DILI, East Timor (AP) – Voters in East Timor chose a president in a runoff yesterday between former independence fighters who’ve blamed each other for years of political paralysis.
Nobel Peace Prize laureate Jose Ramos-Horta had a commanding lead in the election’s first round but failed to exceed 50 per cent of the votes and avoid the runoff. Ramos-Horta received 46.6 per cent, incumbent President Francisco “Lu Olo” Guterres won 22.1 per cent and 14 other candidates split the rest of the votes in the March 19 election.
Polls closed at 3pm and vote-counting began at 1,200 polling centres across the tiny country. The winner of the runoff takes office on May 20.

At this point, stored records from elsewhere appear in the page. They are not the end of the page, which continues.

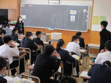 「あいさつをされるとうれしいのはなぜだろう」「あいさつはなぜ大切なのだろう」など、いろいろな側面からあいさつについて考えました。積極的に発言する生徒、発言する生徒のほうに自然に視線を向ける生徒が多くて、落ち着いた時間になりました。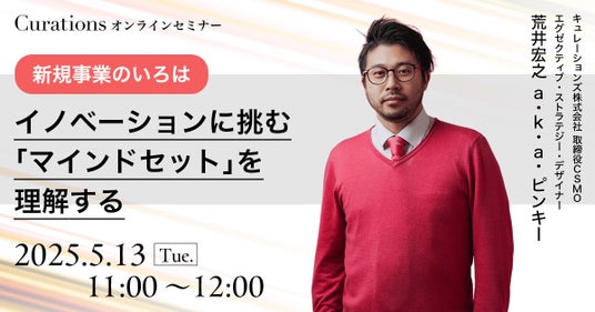 顧客企業のビジネス変革を成功に導くキュレーションズ株式会社(本社:東京都渋谷区、代表取締役社長:根本隆之、以下当社)は、【新規事業のいろは】イノベーションに挑む「マインドセット」を理解するを2025年5月13日(火)に開催いたします。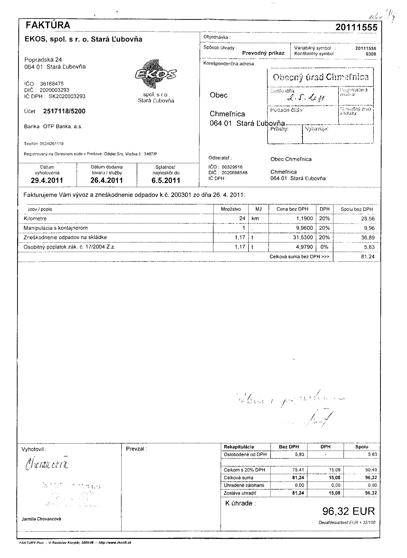 | Predmet : | Vývoz a zneškodnenie odpadov |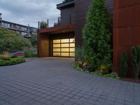 A modern residential villa at dawn, surrounded by lush grass and vegetation. The grey sky adds a gloomy atmosphere to the scene. The architecture features brickwork and large windows, letting in the morning light.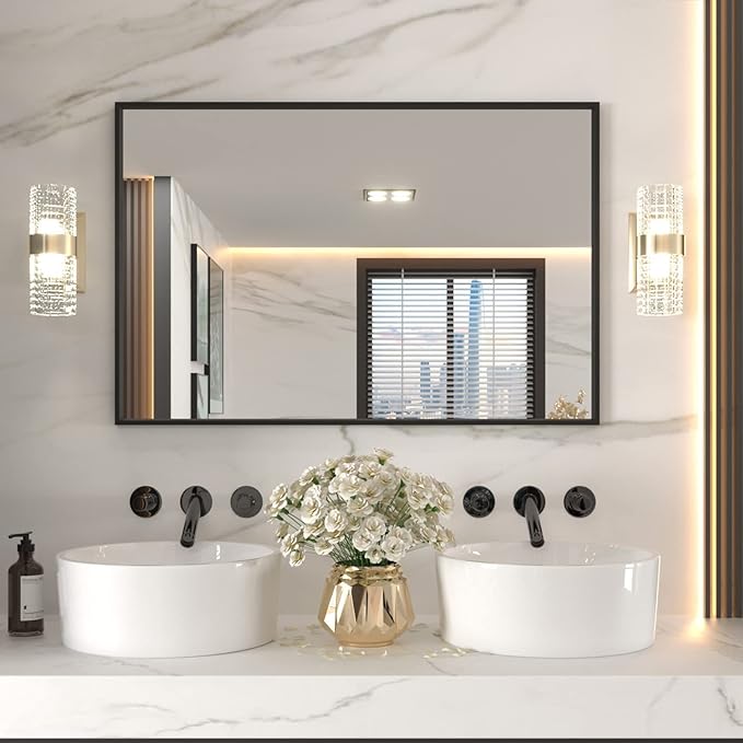 - 【Clear Reflection & NO Distortion】: LOAAO black rectangle mirror is designed with HD float glass to deliver a clear reflection with no distortion. clear lines, simple modern design.

“I call on people to accept whatever the results of this election wisely,” Guterres told reporters while voting in Dili, the capital.
Ramos-Horta, East Timor’s president from 2007 to 2012, and Guterres have blamed each other for years of political paralysis.
In 2018, Guterres refused to swear in nine Cabinet nominees from the National Congress of the Reconstruction of East Timor, known as CNRT, a party led by former prime minister and independence leader Xanana Gusmao, who backed Ramos-Horta’s run for president.
Guterres is from the Revolutionary Front for an Independent East Timor, known by its local acronym Fretilin.
Fretilin says Ramos-Horta is unfit for president, accusing him of causing a crisis as prime minister in 2006, when dozens were killed as political rivalries turned into open conflict on the streets of Dili.